Back on October 12th, I posted an article commemorating the tenth anniversary of the brutal murder of Matthew Shepard, the 21 year old gay University of Wyoming student who was killed, not because he was gay but because he had a few bucks in his pocket that two reprobates wanted. (See http://www.genelalor.com/blog1/?p=556.)
I felt it was a fair and even-handed account of the crime and I purposefully avoided any recriminations against Shepard and posited no suggestions as to whether he was in any way responsible for his murder, as in soliciting homosexual sex or in any other way inciting an alleged ”hate crime.”
As far as the record shows, however, Shepard was assaulted and left to die bound to a fence post on a freezing Wyoming night as a result of a robbery and not as a result of hatred against him because of his sexual proclivities.
“Hate crimes,” an invention of liberal thought police, (aren’t just about all violent crimes motivated by some degree of hatred?), are the result of a penchant Americans have toward overcompensating.

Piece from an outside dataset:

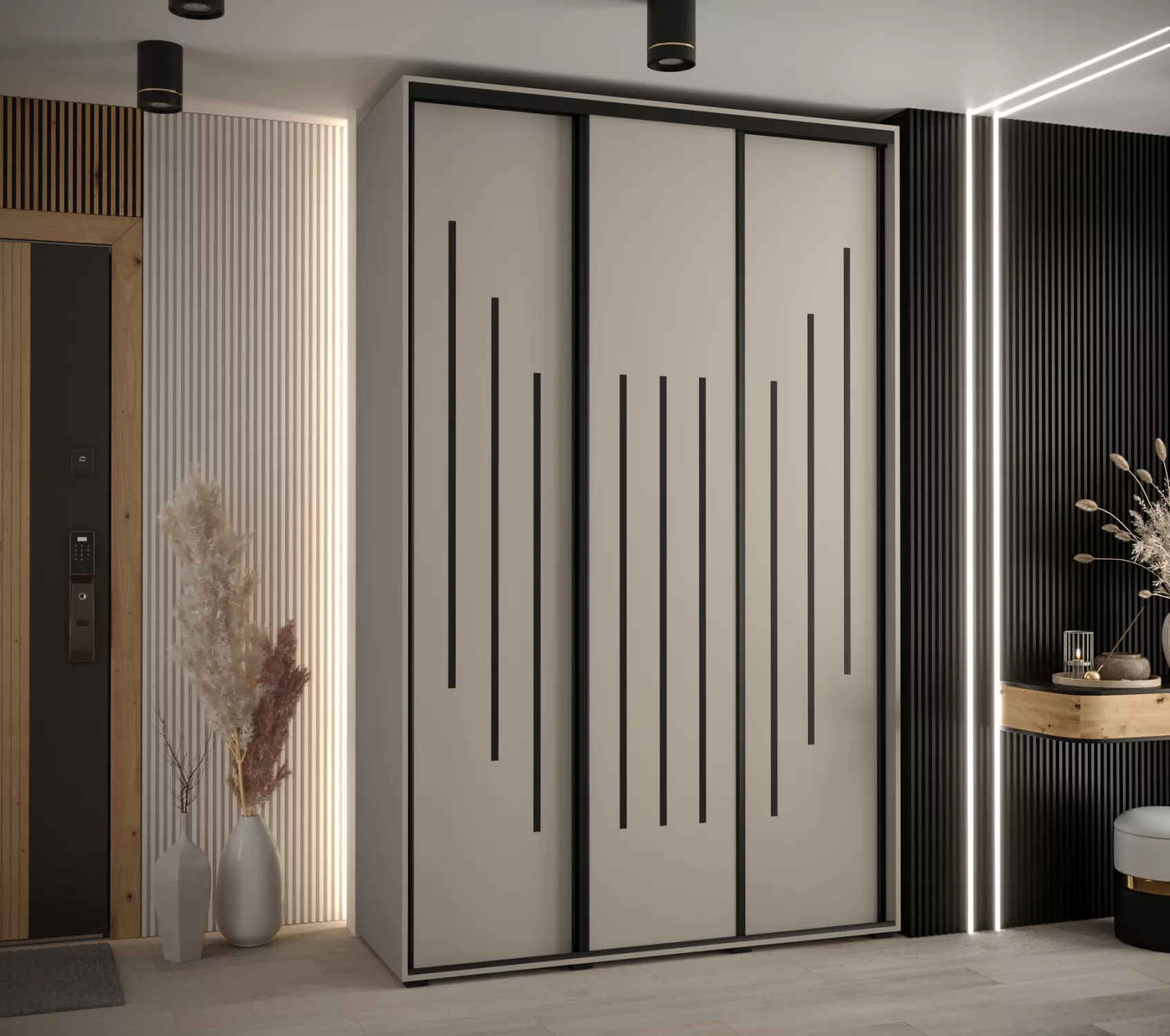 Šatní skříň INDIRA 8 - 150/45 cm, kašmír / černá

We’re also suckers for rushing to judgement, a self-righteous need for quick fixes whether that need arises from fiscal fixes, such as bailouts, or perceived societal remedies, such as hate crime laws.
Just as some elements of our society, the mass media, principally, feel that since blacks in the past suffered from legal discrimination, blacks in the present and in the forseeable future should get a free pass when they break the law, so too should homosexuals.
Despite the fact that the prosecutor of the miscreants who beat and left Shepard to die and despite gay-friendly ABC’s expose’ of the truth that what they did was no more inspired by gay-hatred than any other robbery-murder, the case of Matthew Shepard still represents a hate crime landmark which inspired legislation against such heinous acts. (See http://www.wnd.com/index.php?fa=PAGE.view&pageId=77654.)
I hold what seems to be a very simplistic belief that a crime is a crime, that hatred is hatred, and that murder is murder no matter who the assailant or assailants are and no matter whether the victim is homosexual or a proponent of mandatory consumption of hamburger as opposed to vegetarianism.
Apparently, I’m in the minority when it comes to those beliefs.
A man was murdered. He was a young man, just 23, a mere two years older than Matthew Shepard.
A Pennsylvanian businessman stands accused of drugging, raping, and murdering him, a young man from the same neck of the Mid West woods as Matthew Shepard. He was a North Dakotan working as an intern in Philadelphia. (See http://www.kxmb.com/t/jason-shephard/298687.asp.)
His name, coincidentally, was Jason Shephard but he was not homosexual.
Has anyone heard of Jason Shephard?
Matthew Shepard has been wrongfully chosen to be the poster child, which is a demeaning term not of my choosing, of crimes against gays simply because they are gay.
Jason Shephard should rightfully be designated as one symbol of the current, under-reported, homosexual wave of attacks on both children and young adults. Yet Jason is a virtual unknown and Matthew is still a cause celebre’ ten years after his death.
Jason was just a naive kid, a kid from my perspective, who suffered an awful death from anyone’s perspective. Was his murder any less sad and needless and ignominious than the murder of Matthew?
Apparently so since the national media have ignored his murder even if Jason’s was even more reprehensible.
What’s most reprehensible is the fact that Jason Shephard was only one of many victims of homosexuals and that our media continue to bury those stories.
I’ll dare to say that much of our media is either so gay-infested or so infected by political correctness that they can’t see or won’t accept the truth.
Next: The Jesse Dirkhising case, yet another story of homosexual violence and murder which has been deemed unworthy of attention by the mass of the mass media: http://www.armyofgod.com/JesseDirkhising.html.
Will we never learn what’s happening to us?